Eigenleistungen können als Eigenkapital angerechnet werden

Das Eigenkapital muss jedoch nicht zwingend nur aus finanziellen Mitteln bestehen. Eigenleistungen, auch Muskelhypothek genannt, können ebenfalls als Eigenkapital angerechnet werden. Malerarbeiten, der Einbau von Bodenbelägen oder Dämmungsarbeiten können unter Umständen auch von unprofessionellen Helfern übernommen werden – das senkt die Darlehenssumme und somit wiederum die Zinszahlungen. Finanzierungsexperten empfehlen, die Niedrigzinsphasen dazu zu nutzen, möglichst hohe Tilgungsraten anzusetzen. Zwar sieht eine niedrige Rate einfach zu bewältigen aus, aber die Baufamilien haben dann nach Ablauf der Zinsbindung noch den allergrößten Teil der Shulden nicht getilgt. Wer das Darlehen aber schneller abzahlt – senkt das Risiko für die Bank und damit auch wieder den Zinssatz. Um sicherzugehen, wirklich die günstigsten Konditionen zu finden, hilft am besten ein umfassender Vergleich verschiedener Angebote. Durch die Vielzahl an Kreditinstituten ist es jedoch sehr aufwendig, auf eigene Faust umfassende Vergleiche aufzustellen. Vermittler von Immobilienkrediten haben Zugriff auf viele hundert Anbieter und können so das beste Angebot aus einer großen Anzahl an Banken und Sparkassen und finden – und das kostenfrei.

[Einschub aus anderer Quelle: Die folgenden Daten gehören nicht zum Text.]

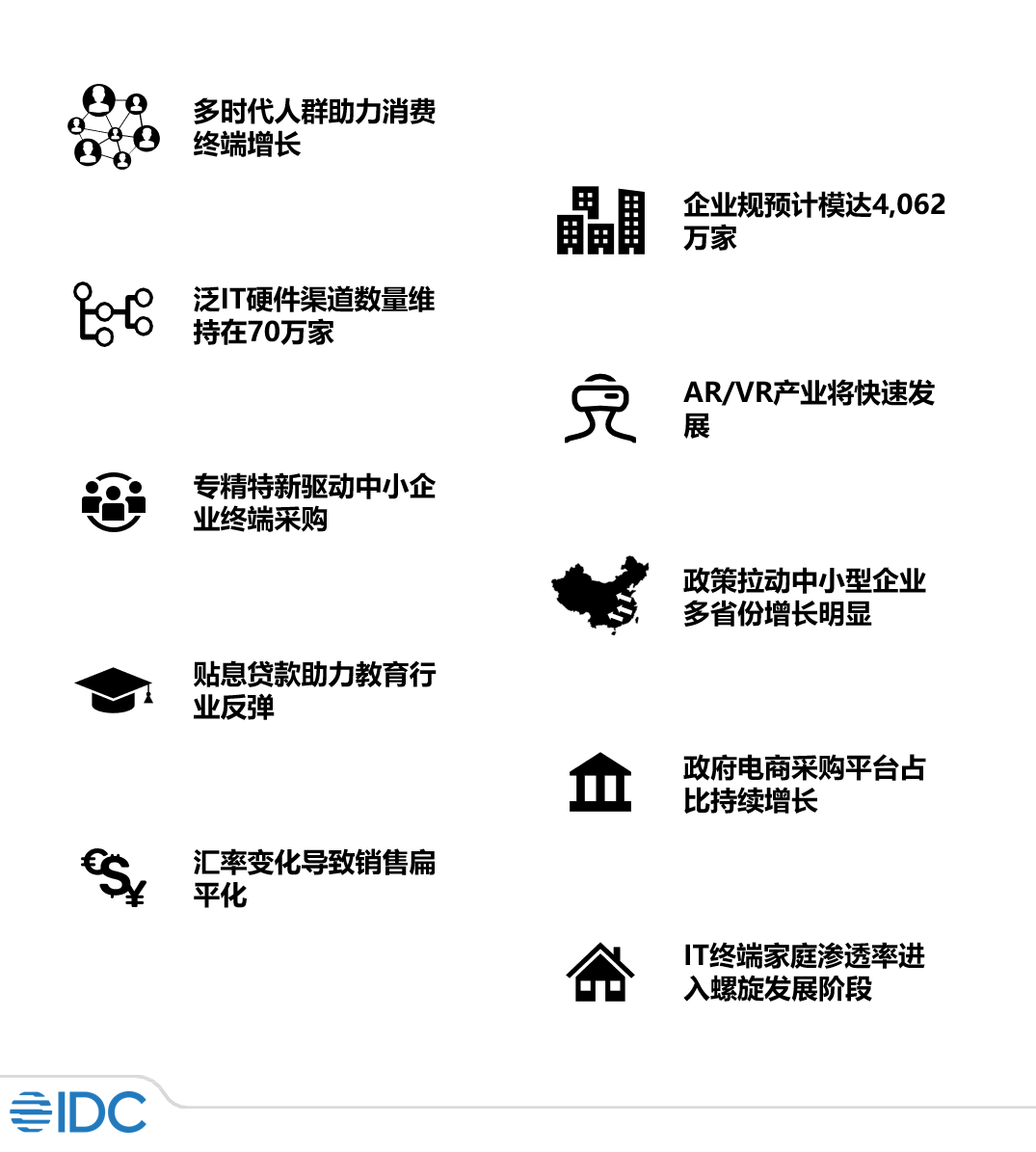2023 年中小企业在珠三角和长三角地区蓬勃发展的同时,各省份拉动内需继续向中小型企业提供优惠政策,将进一步强化地区优势,部分产业也将继续向其它省份转移。2023 年中小型企业需求在山东、四川、广西、安徽等省份 IT 终端需求增长明显。

Faustregen 20 bis 30 Prozent Eigenkapital

Viele Menschen in Deutschland träumen von einem Eigenheim, sei es die Eigentumswohnung oder der Hauskauf bzw. -bau. Gerade in den aktuellen Niedrigzinszeiten erscheinen Immobilien zudem als attraktive Geldanlage. Jedoch haben vor allem jüngere Menschen oft nicht das notwendige Eigenkapital, um eine Immobilie zu finanzieren.

So wird der Mangel an Eigenkapital schnell zur Falle, wenn es um das Thema Baufinanzierung geht. Mindestens 20 bis 30 Prozent sollten bei einem Immobilienerwerb aus eigener Tasche angezahlt werden, lautet die Faustregel. Je mehr Eigenkapital, desto besser, denn dadurch sinkt der Bedarf an Fremdkapital sowie die damit einhergehenden Nebenkosten. 

Immobilienerwerb ohne Eigenkapital – ist das möglich?

Es gibt viele verschiedene Möglichkeiten für die Finanzierung eines Bauvorhabens, wobei das Annuitäten- und das Tilgungsdarlehen die beliebtesten Varianten darstellen. Dennoch ist durchaus auch die sogenannte Vollfinanzierung möglich, bei welcher eine Immobilie ohne Eigenkapital erworben bzw. gebaut werden kann.

Somit übernimmt das Kreditinstitut auch die fehlenden 20 bis 30 Prozent, welche normalerweise aus dem Eigenkapital gestemmt werden, und unter Umständen zudem die Baunebenkosten. Folglich ist der Kreditanteil höher – und damit im Regelfall auch die Zinsen sowie der Tilgungszeitraum. Daher gilt die Vollfinanzierung gemeinhin als ein hohes Risiko und nur in Ausnahmefällen sinnvoll. Aber stimmt das?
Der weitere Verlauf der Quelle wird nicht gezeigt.